What’s up? The Friday links (29)

The sun dominated the geo-news this week. A very strong coronal mass ejection (or was it a sunquake…?) occured and hit Earth’s magnetic field on 24 January. A geomagnetic storm (Kp=5) lead to intense and beautiful northern lights around the Arctic Circle. The web is full of great images, the best ones that I came across can be found here at spaceweather and at National Geographic. I also like this video by Brian Maffitt:

Peter L. Falkingham has recently published a paper on how to create 3D models with free open source software:

Falkingham, P. L., 2012: Acquisition of high resolution three-dimensional models using
free, open-source, photogrammetric software.
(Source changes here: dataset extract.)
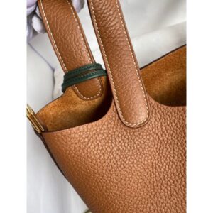 The Hermès Picotin 22 or MM (Moyen Model) is a luxurious take on the traditional bucket bag. Picotin bags harken back to Hermès’ roots as harness and tack leatherworks for French nobility. Inspired by horse feed bags and named for the portion of grain the bags hold, this humble inspiration led to one of the most casual of Hermès luxury handbags with a slouchy style and contemporary appeal. Since 2002, the simple leather strap closure has sported the iconic Hermès lock, giving these bags the name “Picotin lock”. As a chic carryall with a minimalist design, the Picotin 22 belongs in your wardrobe!

Palaeontologia Electronica Vol. 15, Issue 1; 1T:15p; palaeo-electronica.org/content/93-issue-1-2012-technical-articles/92-3d-photogrammetry.
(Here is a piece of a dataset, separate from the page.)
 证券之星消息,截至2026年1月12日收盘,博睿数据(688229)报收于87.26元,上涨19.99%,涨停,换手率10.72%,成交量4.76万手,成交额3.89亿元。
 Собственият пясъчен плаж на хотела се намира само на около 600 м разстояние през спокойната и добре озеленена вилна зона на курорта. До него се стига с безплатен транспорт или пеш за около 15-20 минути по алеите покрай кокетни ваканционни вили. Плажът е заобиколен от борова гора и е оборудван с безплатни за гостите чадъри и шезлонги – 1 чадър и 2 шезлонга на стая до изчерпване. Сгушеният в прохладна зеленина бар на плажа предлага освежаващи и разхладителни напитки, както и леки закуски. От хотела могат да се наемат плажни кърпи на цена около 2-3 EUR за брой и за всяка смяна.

In his article he describes the procedure for paleontological purposes – models of Chirotherium tracks, trilobites, elephants, tree roots. That’s nice work in my opinion and useful for many applications. It also reminds me of a video by Ron Schott, showing a 3D model of mud cracks:

ArcLand has also some nice examples about the use of 3D models – but they use LiDAR. Anyway, this is a cool project and a beautiful site. I didn’t know about it.

Common knowledge within the geoscience community is that it is impossible to play rock-paper-scissors with a geologist because rock always wins per definition. You can, however, play this with a geophysicist. It’s just that you need to replace paper with georadar and scissors with geoelectrics:

Rock-paper-scissors as geophysicists play it. Some say that geoelectrics will always lose, but other claim that GPR has no chance to win...

Anyway, a colleague of mine just told me that this won’t work either since geoelectrics will always lose…

The Geological Society has published a great animation of the rock cycle. Perfect for teaching, have a look!

David Bressan‘s post “Forensic Seismology” is full of nice examples and explanations, but obviously the most interesting one currently is the impact of the Costa Concordia registered by an Italian seismograph. Oh, now I see that David has a picture with a cute donkey. Since I always say that donkeys are the most underestimated animals, here’s another donkey image with some geology, too:

This poor guy is forced to transport tourists through the Petra Canyon, Jordan. At least he has a great landscape and nice geology around him.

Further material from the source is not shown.